De netto-vloeroppervlakte wordt gemeten tussen de muren, zonder de constructiedikte van de wanden en zonder rekening te houden met de plinten. Worden niet meegerekend: muren, schouwen, kolommen, leidingkokers ... Worden wel meegerekend: ruimte ingenomen door inbouwkasten (eventueel als scheidingswand gebruikt en mits 2m20 hoog), keukenkasten, radiatoren ...

Er is een uitzonderingsbepaling op de minimale oppervlaktenorm van 18 m2 voor kleine woningen (bv. studio’s) die al gebouwd of vergund waren op 1 oktober 2016. In dat geval wordt de nettovloeroppervlakte van een afzonderlijke bad- of doucheruimte, met een maximum van 3 m2, opgeteld bij de totale netto-vloeroppervlakte van de woonlokalen. 

Opgelet!

De oppervlakte van de badkamer tot een maximum van 3 m2 wordt enkel bijgeteld wanneer de studio een nettovloeroppervlakte heeft die ligt tussen 15 en 18 m2. De regel dat enkel rekening wordt gehouden met woonlokalen tot 4 m2 geldt in deze specifieke situatie niet. Dus ook badkamers met een nettovloeroppervlakte van bv. 2,50 m2 worden bijgeteld.

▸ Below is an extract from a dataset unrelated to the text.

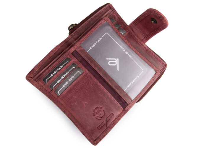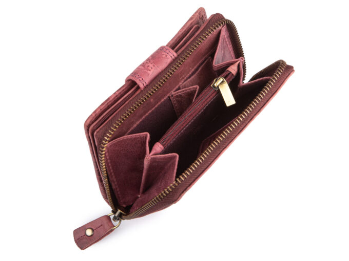 - Skórzany, ręcznie szyty, portfel damski w kolorze bordowym, stworzony w modnym stylu vintage.

Bovendien mag men sinds 1 oktober 2016:

  • 2 m2 extra rekenen indien een wandmeubel met opklapbaar bed of hoogslaper wordt geïnstalleerd:
    • voor alle zelfstandige woningen en kamers gebouwd of vergund vóór 1/10/2016;
    • voorwaarde voor hoogslapers: vrije hoogte van 1m80 onder de hoogslaper en 1 m boven de hoogslaper;
  • de oppervlakte van de badkamer meetellen voor max. 3 m2 voor alle zelfstandige woningen en kamers gebouwd of vergund vóór 1 oktober 2016.

Lees meer in het Technisch handboek woningkwaliteit. Technische richtlijnen voor een woningkwaliteitsonderzoek van de Vlaamse Overheid.

Quotering gebreken

Indien de totale nettovloeroppervlakte van alle woonlokalen samen (leef-, slaap- en kookruimtes) kleiner is dan 18 m2 wordt een gebrek van categorie II toegekend en is de woning ongeschikt.

De juiste woningbezetting

Te beoordelen elementen

De bezettingsnorm bepaalt het maximum aantal toegelaten bewoners van de woning.

De bezettingsnorm wordt berekend op basis van de oppervlakteberekening van de woonlokalen. De woonlokalen komen in aanmerking zover ze minimum 4m2 groot zijn en een hoogte van minimum 2m20 bereiken. Deze hoogte wordt gemeten tussen de bovenkant van de afgewerkte vloer en het plafond van het betreffend lokaal. Onder woonlokalen wordt verstaan de lokalen met een leef- , kook- of slaapfunctie.

Indien de doorgang tussen twee lokalen - in geval er geen deur tussen de ruimtes voorzien werd - groter is dan 1m50, geldt deze ruimte als één lokaal. Indien de doorgang echter kleiner is dan 1m50 – met of zonder deur - wordt dit steeds beoordeeld als twee lokalen.

De tabel aan de hand waarvan u zelf de berekening voor uw woning kan maken, vindt u onder het tabblad 'Aan de slag'.

Voorbeelden voor de berekening van de bezettingsnorm vindt u in het Technisch handboek woningkwaliteit, Technische richtlijnen voor een woningkwaliteitsonderzoek van de Vlaamse Overheid.

Quotering gebreken

Uit deze berekening wordt de bezettingsnorm van de woning bepaald. Er volgt geen quotering. Uit de tabellen wordt het kleinste bekomen bewonersaantal genomen als definitieve bezettingsnorm van de woning. Wanneer de woningbezetting groter is dan de bezettingsnorm betekent dit niet automatisch dat de woning overbewoond is. Van overbewoning is sprake wanneer de aanwezigheid van een te groot aantal personen in de woning rechtstreeks aanleiding geeft tot een veiligheids- of gezondheidsrisico, of wanneer dit leidt tot mensonwaardige omstandigheden.